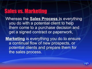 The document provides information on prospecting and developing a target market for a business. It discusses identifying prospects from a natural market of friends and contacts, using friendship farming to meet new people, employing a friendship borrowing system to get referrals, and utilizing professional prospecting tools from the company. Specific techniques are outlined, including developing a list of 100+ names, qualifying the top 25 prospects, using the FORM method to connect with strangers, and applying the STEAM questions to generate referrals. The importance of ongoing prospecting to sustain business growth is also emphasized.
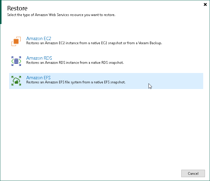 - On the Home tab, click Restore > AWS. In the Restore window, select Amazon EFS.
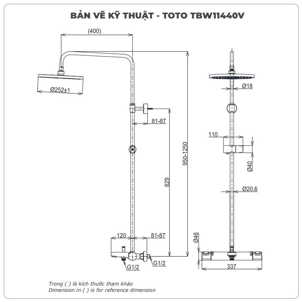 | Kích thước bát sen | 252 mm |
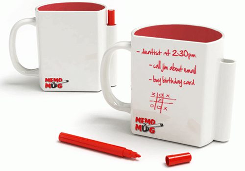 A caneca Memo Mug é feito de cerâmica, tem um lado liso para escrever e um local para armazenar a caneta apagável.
□ □ □
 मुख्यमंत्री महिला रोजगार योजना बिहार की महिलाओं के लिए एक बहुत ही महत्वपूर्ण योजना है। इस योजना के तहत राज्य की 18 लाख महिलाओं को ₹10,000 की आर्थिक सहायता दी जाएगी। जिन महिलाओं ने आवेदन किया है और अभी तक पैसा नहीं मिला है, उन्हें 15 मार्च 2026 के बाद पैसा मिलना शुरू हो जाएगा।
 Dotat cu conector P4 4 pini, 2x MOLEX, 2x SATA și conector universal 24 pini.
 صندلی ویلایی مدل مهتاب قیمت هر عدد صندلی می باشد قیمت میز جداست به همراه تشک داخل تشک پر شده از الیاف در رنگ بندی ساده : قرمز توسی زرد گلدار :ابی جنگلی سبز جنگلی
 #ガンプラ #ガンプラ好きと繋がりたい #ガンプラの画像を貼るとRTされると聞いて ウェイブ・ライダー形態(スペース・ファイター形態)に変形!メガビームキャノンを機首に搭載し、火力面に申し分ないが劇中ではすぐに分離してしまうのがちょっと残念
□ □ □
:: How to complete this task ::
Starting with the line that contains "- On the Home" and finishing with the line that contains "A caneca Memo", reproduce every line of the material above exactly, but not the pictures.

:: Output for this task ::
 - On the Home tab, click Restore > AWS. In the Restore window, select Amazon EFS.
 | Kích thước bát sen | 252 mm |
 A caneca Memo Mug é feito de cerâmica, tem um lado liso para escrever e um local para armazenar a caneta apagável.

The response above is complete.